Industry maturity and competition for green assets brought €51.2Bn of investment to the wind energy sector in 2017, with new capacity being brought online at lower cost than ever.
The development of new windfarms accounted for €22.3Bn of the €51.2Bn total, according to WindEurope’s ‘Financing and Investment Trends’ report. The rest of the investment went on the refinancing of existing windfarms, acquisition of projects and of companies involved in wind and on public market fundraising. The total investment figure was 9% up on 2016.
The €22Bn invested in new windfarms was down on the €28Bn invested in 2016 but it covered more capacity – 11.5 GW compared to 10.3 GW – reflecting the falling costs of wind energy.
The low interest rate environment has given rise to a dynamic refinancing market. Offshore wind has experienced an uptake in corporate finance transactions over the past two years. However, offshore wind project finance declined for new final investment decisions (FIDs). In the UK, the Hornsea 2 offshore windfarm reached FID. With a capacity of 1.4 GW, this is the largest offshore windfarm to date to be constructed.
Investment volumes are expected to increase in 2018. This is due to the roll-out of auctions across Europe and the fact that many projects already awarded support will reach FID.
More than 14 GW of capacity was awarded support through 2017 and the first quarter of 2018. During the first quarter of 2018 Europe invested €3Bn in new wind energy projects. 30 new onshore wind projects, for a combined capacity of 1.9 GW, reached FID. Wind energy projects currently awaiting FID are estimated at over €23Bn. Strong equity and debt liquidity is expected to continue for both onshore and offshore wind projects.
In the near term, the downward trend in interest rates is expected to slow down, with the quantitative easing coming to an end and existing commercial banks establishing their competitive position in the market. In the longer term, the merchant risk exposure in wind power projects will likely change both the landscape and investor profiles of wind energy financing.

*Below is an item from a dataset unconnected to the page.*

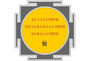 śrīm̐ sau klīm̐ aim̐ hrī / om̐ hrī śrī / sa ka la hrīm̐ / ha sa ka ha la hrīm̐ / ka e ī la hrī / hrīm̐ aim̐ klī sau śrīm̐

2016 and 2017 were transitional years for the wind sector. While there was a dip in investments in 2017, the large volume of investments in 2016 reflected the regulatory uncertainty that would come because of the transition to auctions and feed-in premiums. However, investment volumes are expected to stabilise in 2018 with the roll-out of auctions across Europe and projects awarded support expecting to reach FID.
Over 14 GW of capacity was awarded support in 2017 and the first quarter of 2018: 5.3 GW in Germany, 4.1 GW in Spain, 3.2 GW in the UK, 1.4 GW in the Netherlands, 500 MW in France. New announced offshore wind transactions are estimated at a combined capacity of 3.9 GW, as tendered projects awarded support are expected to go through FID. This includes several projects in the UK, Denmark and the Netherlands, as well as floating offshore wind projects in Portugal and France.
Financing needs could top €9Bn based on disclosed transaction costs. Between 2018 and 2020, more than 17 GW of additional onshore and offshore capacity is set in the auctioning plans of four countries: Germany, France, the Netherlands and Turkey. Most of this capacity is expected to be auctioned in 2018.
WindEurope chief policy officer Pierre Tardieu said “With €51.2Bn, wind energy accounted for half of all power sector investments in 2017. It is delivering more capacity for less money. This is largely due to increased competition in auctions and technology advances that are driving cost reductions in the supply chain.”
The maturity of the wind energy sector and the competitive pressure of auctions is changing the way wind projects are financed. Power producers still carry projects on balance sheet through FID but refinancing and the sale of minority stakes in projects are coming in much earlier in the process.
More investors are entering projects as equity partners, particularly from the financial services industry. These partnerships allow power producers to ‘recycle’ capital to finance new wind farms. A healthy pipeline of projects is diversifying the pool of investors: 82 lenders were active in 2017, including multilateral financial institutions, export credit agencies and commercial banks from both Europe and Asia.
Green bonds are emerging as an alternative source of debt. This is also helping risk-averse institutional investors to access the wind sector. Green bonds raised €17.5Bn in 2017, the highest rate of issuance in the last five years. €8.5Bn were in corporate renewables portfolios, €7Bn in wind energy and €1.9Bbn in transmission lines. This shows investors have more and more trust in the industry and are confident they will see a healthy return.
Investors are also going further afield: 20 European countries made investments in wind in 2017 compared to 16 in 2016 – though Germany and the UK accounted for half of all new FIDs. Investments in Southern and Eastern Europe remain low, representing just 16% of the total new assets financed in Europe (€3.5Bn). A lack of regulatory stability is largely responsible for this.
“The outlook for 2018 is strong with investment volumes expected to increase,” Mr Tardieu added. “The auction system for wind energy is settling down, and projects that have won auctions are now reaching FID. The investment outlook up to 2020 is strong.”